Sentinel-FlowSlot
FlowSlot流控规则
这里面主要是根据qps或者线程数配置,来做限流。
private static boolean passLocalCheck(FlowRule rule, Context context, DefaultNode node, int acquireCount, boolean prioritized) { // 根据配置获取关联的node Node selectedNode = selectNodeByRequesterAndStrategy(rule, context, node); if (selectedNode == null) { return true; } return rule.getRater().canPass(selectedNode, acquireCount, prioritized); }
限流规则的实现有这么几个
都实现了TrafficShapingController接口
DefaultController快速失败
这个策略就是说当发现如果加上请求数使得当前的QPS超过阈值的时候,则快速失败。不过有个前提在node的优先级高且当前是检验QPS的时候,如果计算得到的等待时间不超过500ms,则当前的qps计算在未来的样本窗内,并sleep相应的等待时间,依然放行。
public boolean canPass(Node node, int acquireCount, boolean prioritized) { int curCount = avgUsedTokens(node); if (curCount + acquireCount > count) { // 被流控 // 如果流控策略是基于QPS 并且优先级较高 if (prioritized && grade == RuleConstant.FLOW_GRADE_QPS) { long currentTime; long waitInMs; currentTime = TimeUtil.currentTimeMillis(); /** * 计算要等待的时间 */ waitInMs = node.tryOccupyNext(currentTime, acquireCount, count); if (waitInMs < OccupyTimeoutProperty.getOccupyTimeout()) { // 添加占用未来时间对应的样本窗的pass配额 node.addWaitingRequest(currentTime + waitInMs, acquireCount); // 统计 OccupiedPass node.addOccupiedPass(acquireCount); sleep(waitInMs); // PriorityWaitException indicates that the request will pass after waiting for {@link @waitInMs}. throw new PriorityWaitException(waitInMs); } } return false; } return true; }
那么等待时间是如何计算的呢?
@Override public long tryOccupyNext(long currentTime, int acquireCount, double threshold) { double maxCount = threshold * IntervalProperty.INTERVAL / 1000; // 0 long currentBorrow = rollingCounterInSecond.waiting(); if (currentBorrow >= maxCount) { return OccupyTimeoutProperty.getOccupyTimeout(); } // 500 int windowLength = IntervalProperty.INTERVAL / SampleCountProperty.SAMPLE_COUNT; /** * 这个算法 是获取当前时间对应的样本窗的结束时间 往前推一个单位时间窗 来获取到一个能统计到当前时间对应的样本窗的最早时间 */ long earliestTime = currentTime - currentTime % windowLength + windowLength - IntervalProperty.INTERVAL; int idx = 0; /* * Note: here {@code currentPass} may be less than it really is NOW, because time difference * since call rollingCounterInSecond.pass().

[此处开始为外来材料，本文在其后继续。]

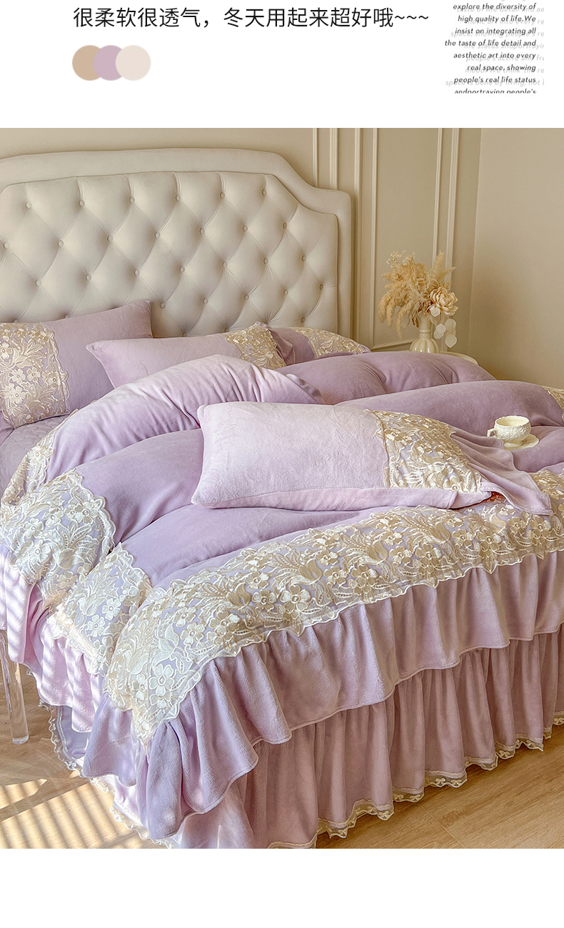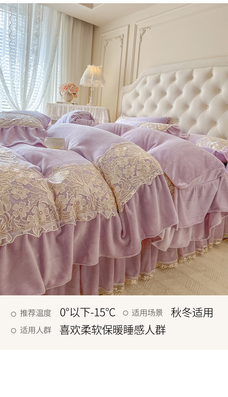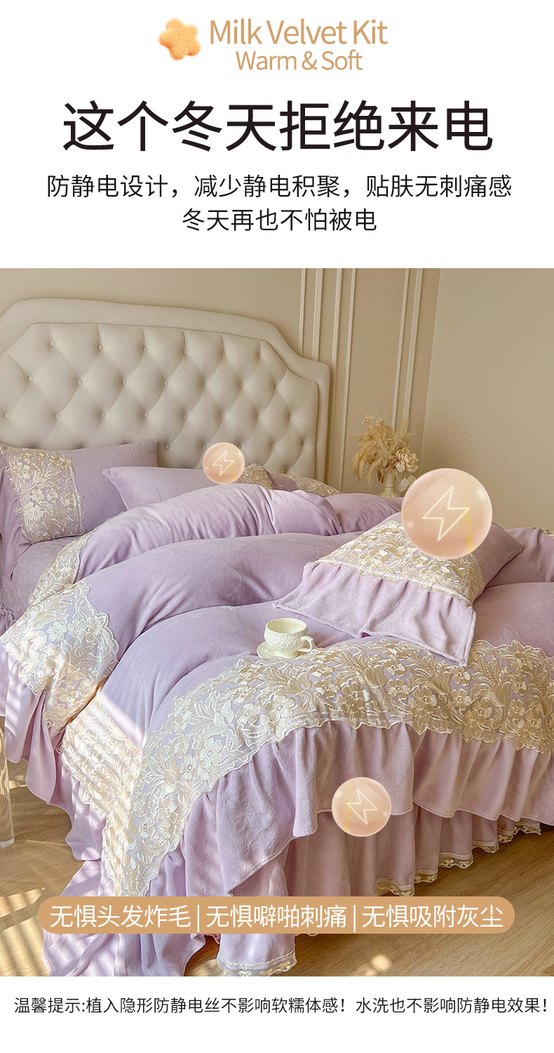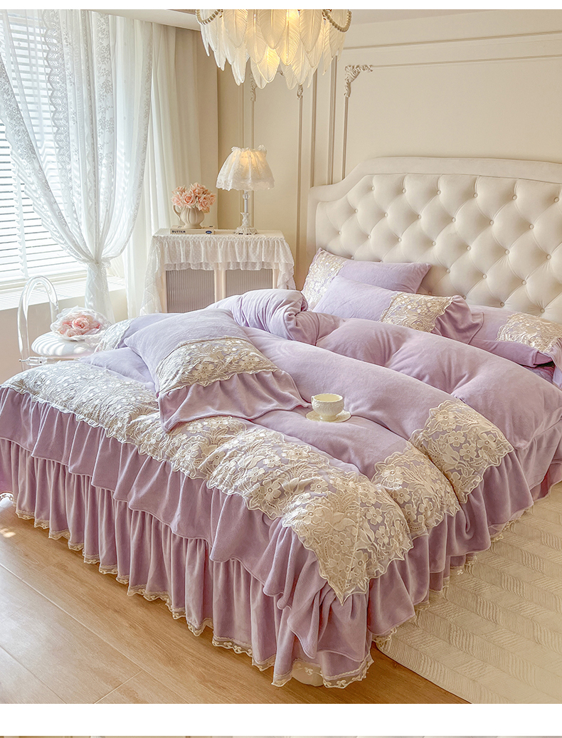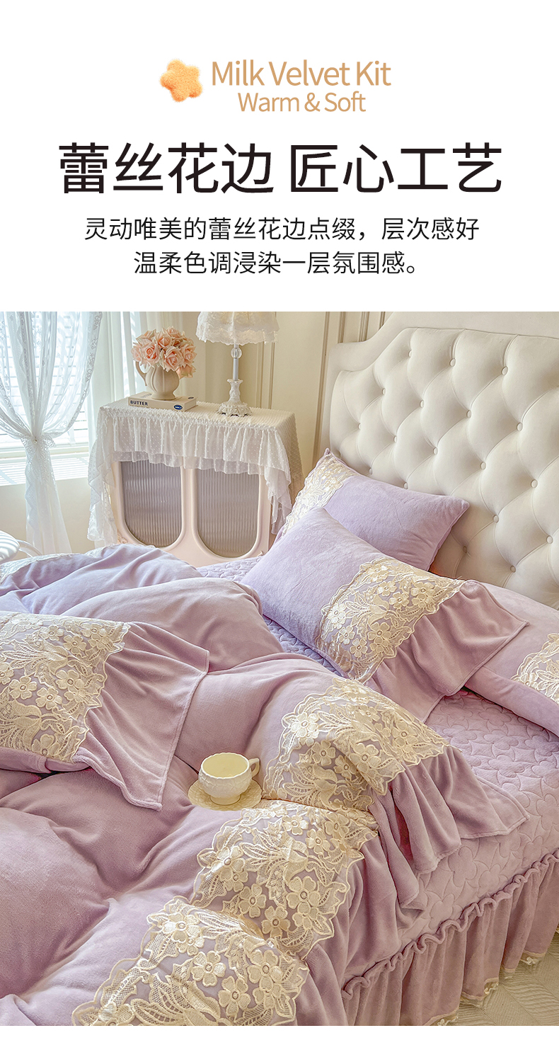 商品名称:网红馆(ck家纺) 2025新款牛奶绒蕾丝花边倾城系列四件套 倾城-紫
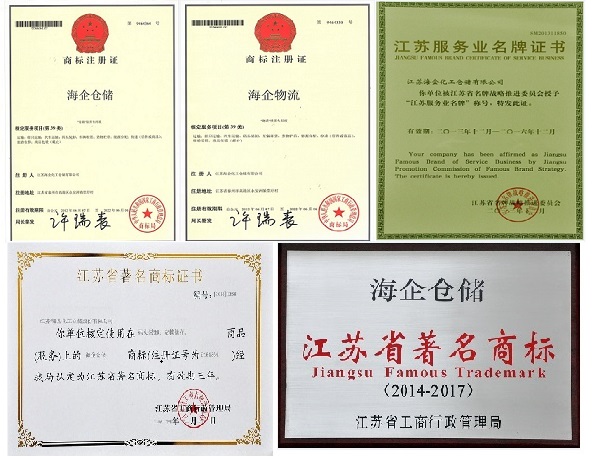 2015年5月,“海企仓储”注册商标被认定为“江苏省著名商标”;
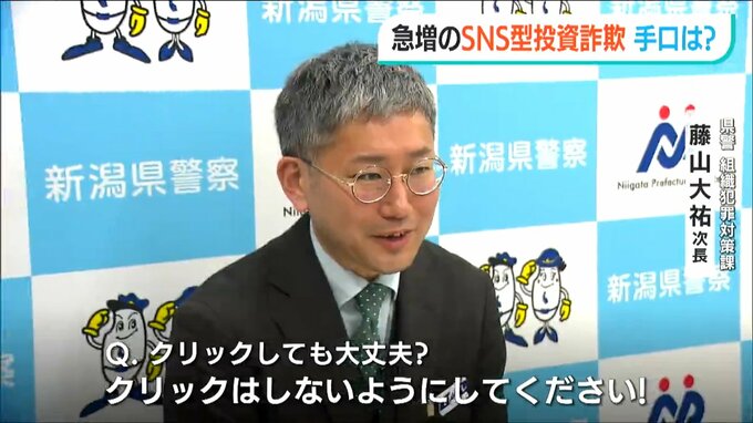【組織犯罪対策課 藤山大祐 次長】「クリックはしないでください!SNS型の投資詐欺に導入されたり個人情報を盗まれる可能性があります」
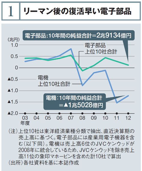パナソニックやソニー、シャープといった日本を代表する電機メーカーが失速する中、電子部品メーカーが気を吐いている。売上高上位10社の10年間の純益合計を比較すると、電機は約1兆5000億円の損失となったのに対し、電子部品は約2兆9000億円を稼いだ。
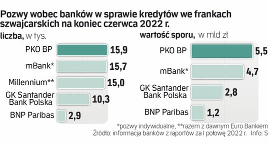 Podobną dynamikę widać w sprawozdaniach poszczególnych banków. Przykładowo PKO BP, instytucja, która udzieliła najwięcej kredytów we frankach, podaje, że na koniec czerwca tego roku przeciwko niej toczyło się 15,87 tys. postępowań sądowych (o łącznej wartości sporu 5,5 mld zł). To o 29 proc. więcej niż na koniec 2021 r. i o 77 proc. więcej niż rok wcześniej. Z kolei mBank informuje o 15,7 tys. pozwów indywidualnych, co oznacza wzrost odpowiednio o 20 i 56 proc.

So in high concurrency, the following code may * lead more tokens be borrowed. */ // 当前时间单位窗口的统计数 long currentPass = rollingCounterInSecond.pass(); /** * 这块逻辑很好理解: * 从最早时间 到 当前时间为止 * 初始等待时间为 当前时间对应的样本窗,剩余的时间长度 * 如果去掉最早样本窗的pass数之后,发现仍然大于阈值 ,则等待时间数 + 样本时间窗长度 * 直到等待时间超过500ms 也就是说最大的等待时间不超过500ms */ while (earliestTime < currentTime) { long waitInMs = idx * windowLength + windowLength - currentTime % windowLength; if (waitInMs >= OccupyTimeoutProperty.getOccupyTimeout()) { break; } long windowPass = rollingCounterInSecond.getWindowPass(earliestTime); if (currentPass + currentBorrow + acquireCount - windowPass <= maxCount) { return waitInMs; } earliestTime += windowLength; currentPass -= windowPass; idx++; } return OccupyTimeoutProperty.getOccupyTimeout(); }
RateLimiterController排队等待
这里边利用的漏斗算法实现,假设阈值5qps,那么允许1秒内通过5个请求,这样如果需要处理2个请求,消耗的时间为 2/5*1000ms
上次通过的时间+消耗的时间 = 如果pass,则需要当前时间达到的这个期望时间。
接下来对期望时间和当前时间比较,如果当前时间大,说明早就可以通过了,并重置通过时间
如果期望时间大,那么就算一下离期望时间还有多少时间,这个多少时间就是等待时间。
如果这个等待时间超过了配置的500ms,则不通过,如果不超过500ms,则sleep等待时间,并最后pass
@Override public boolean canPass(Node node, int acquireCount, boolean prioritized) { // Pass when acquire count is less or equal than 0. if (acquireCount <= 0) { return true; } // Reject when count is less or equal than 0. // Otherwise,the costTime will be max of long and waitTime will overflow in some cases. if (count <= 0) { return false; } long currentTime = TimeUtil.currentTimeMillis(); // Calculate the interval between every two requests. // 计算acquireCount通过需要耗时 long costTime = Math.round(1.0 * (acquireCount) / count * 1000); // Expected pass time of this request. // 计算期望的pass时间点 long expectedTime = costTime + latestPassedTime.get(); if (expectedTime <= currentTime) { // 当前时间超过了通过点 pass // Contention may exist here, but it's okay. latestPassedTime.set(currentTime); return true; } else { // 没有到达pass通过的时间点 // Calculate the time to wait. long waitTime = costTime + latestPassedTime.get() - TimeUtil.currentTimeMillis(); if (waitTime > maxQueueingTimeMs) { //等待时间超过了配置的maxQueueingTimeMs return false; } else { long oldTime = latestPassedTime.addAndGet(costTime); try { // 二次判断 waitTime = oldTime - TimeUtil.currentTimeMillis(); if (waitTime > maxQueueingTimeMs) { latestPassedTime.addAndGet(-costTime); return false; } // in race condition waitTime may <= 0 // 等待,后续在处理 if (waitTime > 0) { Thread.sleep(waitTime); } return true; } catch (InterruptedException e) { } } } return false; }
WarmUpController预热流控
在初始化的时候,warmUp斜率模板已经订好了coldFactor warningToken maxToken slope 这些属性也就定义好了这个warmup的整个过程。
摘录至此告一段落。